• _INFORMATION_:
++++++

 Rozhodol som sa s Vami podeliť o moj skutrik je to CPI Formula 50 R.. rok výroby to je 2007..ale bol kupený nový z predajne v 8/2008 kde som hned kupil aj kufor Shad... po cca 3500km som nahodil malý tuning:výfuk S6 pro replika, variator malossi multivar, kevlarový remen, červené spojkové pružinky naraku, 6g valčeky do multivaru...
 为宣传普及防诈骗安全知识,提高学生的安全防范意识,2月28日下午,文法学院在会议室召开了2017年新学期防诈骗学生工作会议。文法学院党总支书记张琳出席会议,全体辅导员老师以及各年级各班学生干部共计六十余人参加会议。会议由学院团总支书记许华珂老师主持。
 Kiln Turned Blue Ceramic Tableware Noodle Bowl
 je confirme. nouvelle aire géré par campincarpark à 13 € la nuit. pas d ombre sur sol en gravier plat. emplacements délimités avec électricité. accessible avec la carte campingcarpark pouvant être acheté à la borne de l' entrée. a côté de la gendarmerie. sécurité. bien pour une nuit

++++++

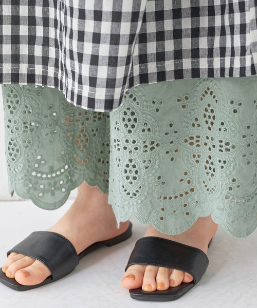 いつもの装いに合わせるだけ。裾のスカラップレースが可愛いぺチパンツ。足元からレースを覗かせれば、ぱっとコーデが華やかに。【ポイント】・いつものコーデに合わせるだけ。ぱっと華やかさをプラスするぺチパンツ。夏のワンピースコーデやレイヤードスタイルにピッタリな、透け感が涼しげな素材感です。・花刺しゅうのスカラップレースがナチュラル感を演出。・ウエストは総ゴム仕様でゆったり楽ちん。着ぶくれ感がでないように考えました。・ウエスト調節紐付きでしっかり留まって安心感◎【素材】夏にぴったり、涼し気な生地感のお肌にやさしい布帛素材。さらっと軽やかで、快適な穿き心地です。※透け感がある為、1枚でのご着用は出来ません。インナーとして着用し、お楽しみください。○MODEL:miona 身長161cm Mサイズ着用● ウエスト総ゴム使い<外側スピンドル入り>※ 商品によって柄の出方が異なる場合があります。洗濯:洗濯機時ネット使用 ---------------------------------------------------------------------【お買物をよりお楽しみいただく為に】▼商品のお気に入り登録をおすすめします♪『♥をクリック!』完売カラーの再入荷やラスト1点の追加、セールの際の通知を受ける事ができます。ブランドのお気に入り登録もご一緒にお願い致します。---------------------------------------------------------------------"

++++++

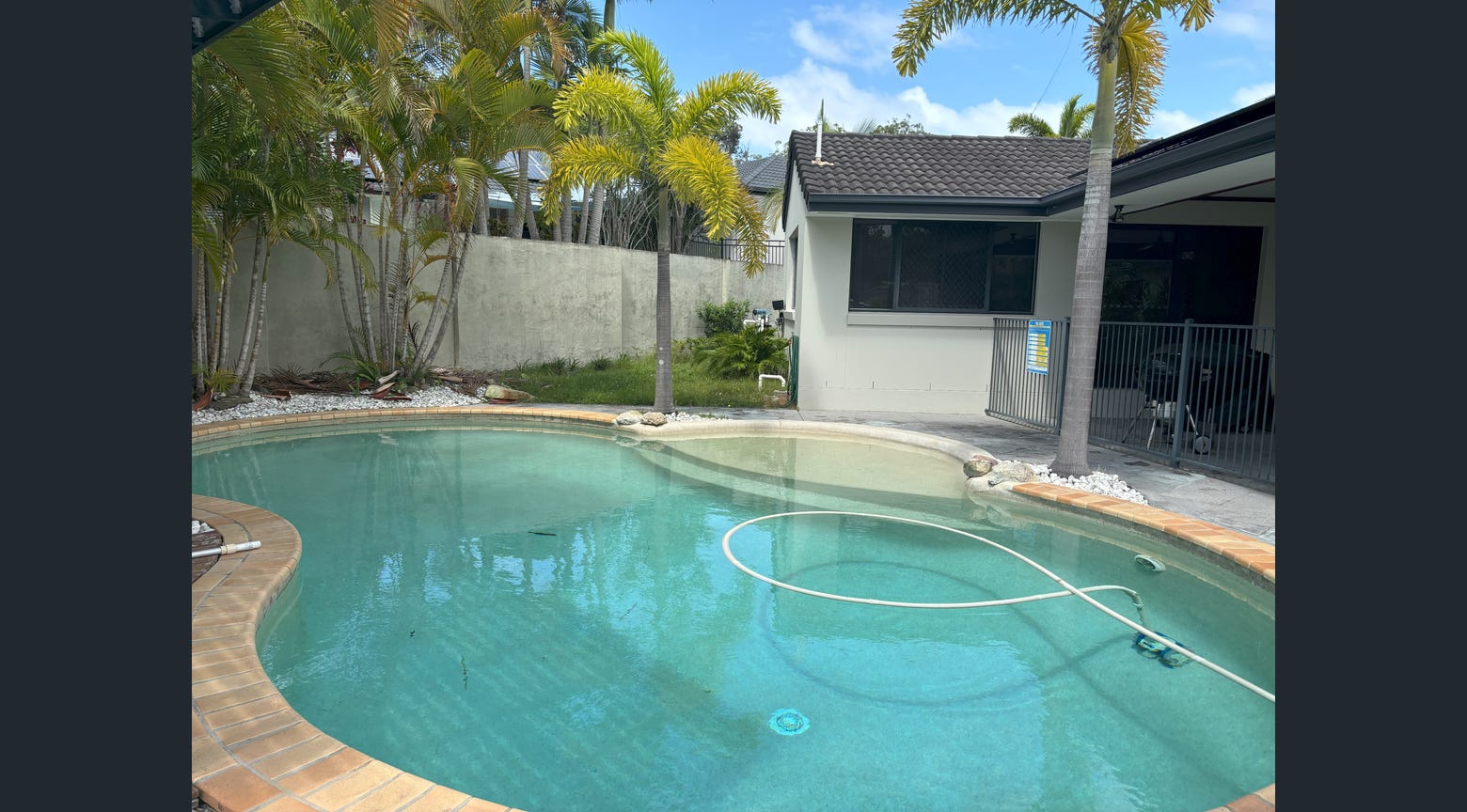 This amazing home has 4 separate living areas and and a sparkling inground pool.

++++++

• _PROBLEM DESCRIPTION_:
Copy out only the lines of the records above from the one with "Kiln Turned Blue" through the one with "je confirme. nouvelle", exactly as they stand, both included.

• _SOLUTION BELOW_:
 Kiln Turned Blue Ceramic Tableware Noodle Bowl
 je confirme. nouvelle aire géré par campincarpark à 13 € la nuit. pas d ombre sur sol en gravier plat. emplacements délimités avec électricité. accessible avec la carte campingcarpark pouvant être acheté à la borne de l' entrée. a côté de la gendarmerie. sécurité. bien pour une nuit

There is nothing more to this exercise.